Who could fail to notice,

lit up in the blazing insulation,
the tiny looks of wonderment on the faces
of his fellow mice, onetime inhabitants
of what once was your house in the country?

Quantum Leap Convention

Last Saturday I participated in a Quantum Leap Convention. I know youre thinking 'Quantum Leap Convention? Is that like a poor man's Star Trek convention minus the costumes?

The convention commemorated the 20th anniversary of the show's launch in 1989. I was on the show twice, so I was asked to participate in a panel: talk about my experiences, answer fan questions, etc. I was there with six women and two men on the panel, all guest actors who'd appeared on the show, some of us twice. Of course no one was going to say Scott Bakula was a jerk. But that's because he wasn't. We all had the same experience on the show. I worked on some shows where the exec producer or the star was a tool, and it affected the entire mood of the set. but QL was a blast to work on ... and to a large extent because Dean Stockwell and Scott Bakula were such NICE guys. Yes there ARE great people in Hollywood.

As for the Leapies. I wasn't sure what to expect. Were they going to be aging Trekkies that couldn't afford to go to Battlestar Gallactica? Would they be stalkers? Turned out they were all really nice, grateful people from all over the world -- Germany, Scotland, Australia, Chicago, Georgia -- who spent their hard-earned vacation days to show up at the Holiday Inn in North Hollywood. For a Leapie convention.


Well, I think it's because of The Story. People want good stories. The premise of QL is that Sam Beckett (Bakula) leaps from one person to another through history (only in his own lifetime, so he can't leap back before his own birth date) and finds himself in the body of someone who needs to be rescued or can rescue someone in trouble. Thus, high stakes, issues of courage, good and evil.

I had forgotten until the convention that in one two-part episode, Beckett leaps to find himself in the body of Lee Harvey Oswald. I can't remember how they managed that story. I mean, how could Beckett hope to change history? I don't even remember, but now I want to get that episode on Netflix.

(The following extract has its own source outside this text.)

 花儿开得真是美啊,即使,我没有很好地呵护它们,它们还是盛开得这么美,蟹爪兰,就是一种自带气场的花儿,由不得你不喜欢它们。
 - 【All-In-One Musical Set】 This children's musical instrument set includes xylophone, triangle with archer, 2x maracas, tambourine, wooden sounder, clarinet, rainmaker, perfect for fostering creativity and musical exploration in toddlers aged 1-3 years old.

So it's because of STORY that people came. I mean you're not going to find a "Two and a Half Men" convention any time soon. Quantum Leap was a terrific show. And so were the people who came to the convention. One middle aged guy brought his college age son, who'd become a Leap Fan himself.

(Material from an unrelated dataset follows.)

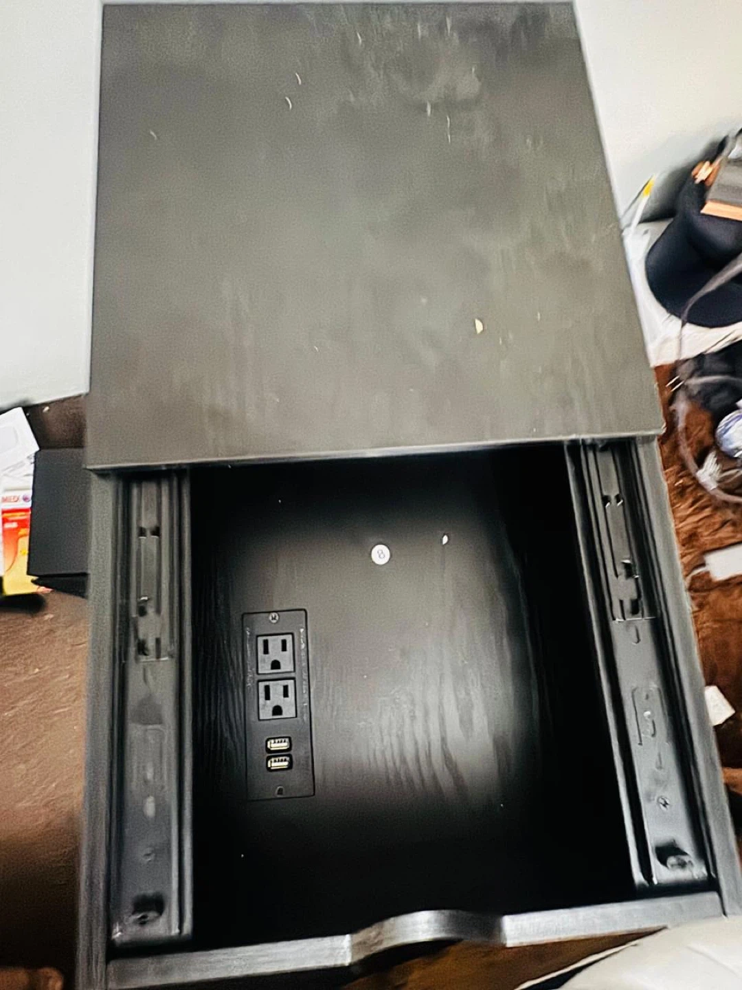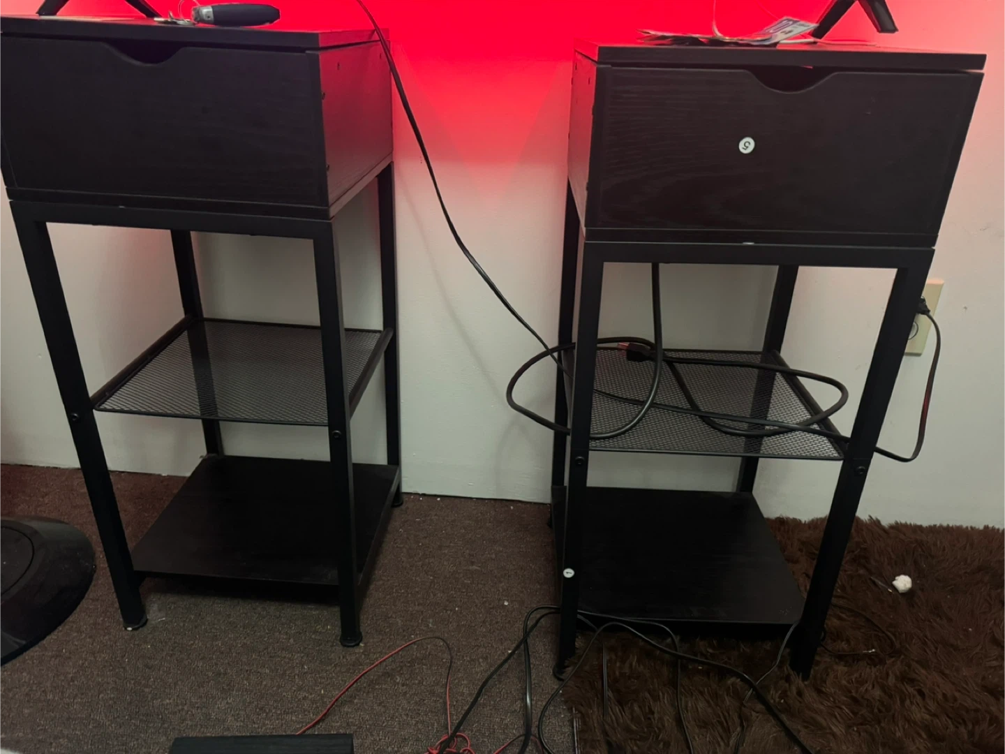 I'm selling a black wood nightstands. It features a drawer and a shelf for extra storage and it has socket inside both .It's in great condition and would be perfect for any bedroom!

Actors can live in a vacuum; you show up, do your work and go home. And you don't get the immediacy of a live venue to know how your work is affecting the audience. It made me feel good to know how some little thing I did 15 years ago actually made someone's day or week.

When I was 16 I went to the Beatlefest Convention in Downtown LA. I'm sure to the outsider I looked like a freak. But well, people want good stories, we want heroes. I don't feel like such a nerd anymore.